In Satellite Convulsions: Poems from Tin House, Portland’s Tin House Books has released an enticing anthology of contemporary poetry: It’s got one of those nice paperback covers with page-marking flaps, proclaiming contents by hip young poets like Matthea Harvey and hip old poets like James Tate. A flip through the TOC reveals many more of the former (the Dickmans, Alex Lemon) and latter (Rae Armantrout, Lorca).

It’s a “diverse” mix of contributors, across age, gender, and country of origin — but are the poems themselves wide-ranging, in style and tone? Not exactly. I love many of the poems included here, but if I have a complaint about the book — and this of course is to be expected from a collection of poems chosen by an editorial staff with a unified vision — it’s that most of the poets have very similar sensibilities. They write first-person lyrics that make emotional appeals and tonally exhibit a kind of exuberance which is often pleasing but, after too many poems in a row, a little annoying. If I have two complaints, my other is that Satellite Convulsions feels a bit overproduced, almost smug in its slickness — much like Tin House itself. As in, where do they get off with their huge budgets?

But surely this second is a complaint only an editor of a less well-endowed journal would make, and as a reviewer, I tend to search for potential faults. Approaching the anthology as a reader I find it highly likable.

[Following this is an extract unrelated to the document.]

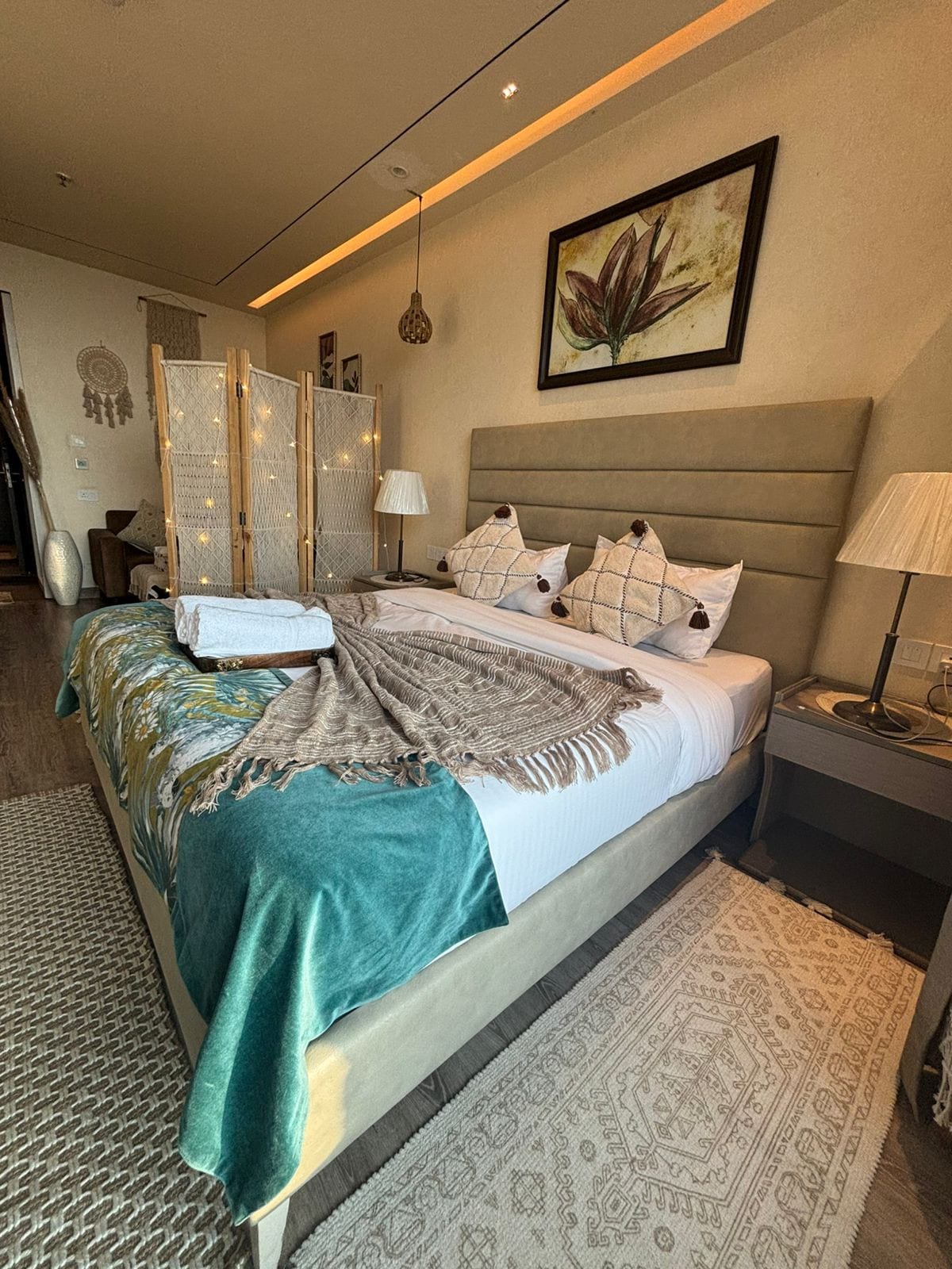 MES Secret Hide-out Bedroom with Lounge – znajduje się w sercu South Delhi-Gk1, z pięknym 1 BHK z dużą sypialnią z 65-calowym telewizorem i 2 x sofą z łóżkami i dołączoną toaletą. Oddzielny salon z kuchnią i sofą z telewizorem. Posiada również ogród z przodu z miejscami do siedzenia i ładnym widokiem na zachód słońca. Liczba miejsc do spania 4-7 osób. Całkowita powierzchnia: 1000 stóp kwadratowych. Uwaga: 7 kwietnia 2025 godzina zameldowania 17:30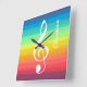 Personalized Rainbow Watercolor Treble Clef Square Wall Clock

I’m happy to have in my possession Olena Kalytiak Davis’s wonderful, sex-drenched sonnets that first appeared in Tin House in 2006 (this from “Francesca Can Too Stop Thinking about Sex, Reflect upon Her Position in Poetry, Write a Real Sonnet.”):

i apologize, i offer no excuse:
but, poet, though you have right to scold
it was high-souled you who made my mouth hold
what it held and tell what it told: a truce …

Another inclusion that mixes high and low language to delightful effect is Darcie Dennigan’s “City of Gods,” which opens with the line “Thistly Augustine, disser of the shy world, I cannot consider your city” and ends thusly:

Hey god in the window, god of loneliness, god of smelly spaces
stacked with newspapers, god of walks home from the L before the light ends,
if I ask you to please turn my sooty camisole into wings
and me into an industrial moth, I am asking to be man-made—
I don’t want to be this girl anymore.

Other highlights in the collection include Carol Ann Duffy’s “The Long Queen” and Bruce Smith’s “Devotion: Medea.”

If a few of Tin House’s selections bore or irritate (like Sharon Olds’ line “I feel as if I’m like / a teenage boy in love” — seriously?) most are well worth reading and reading again.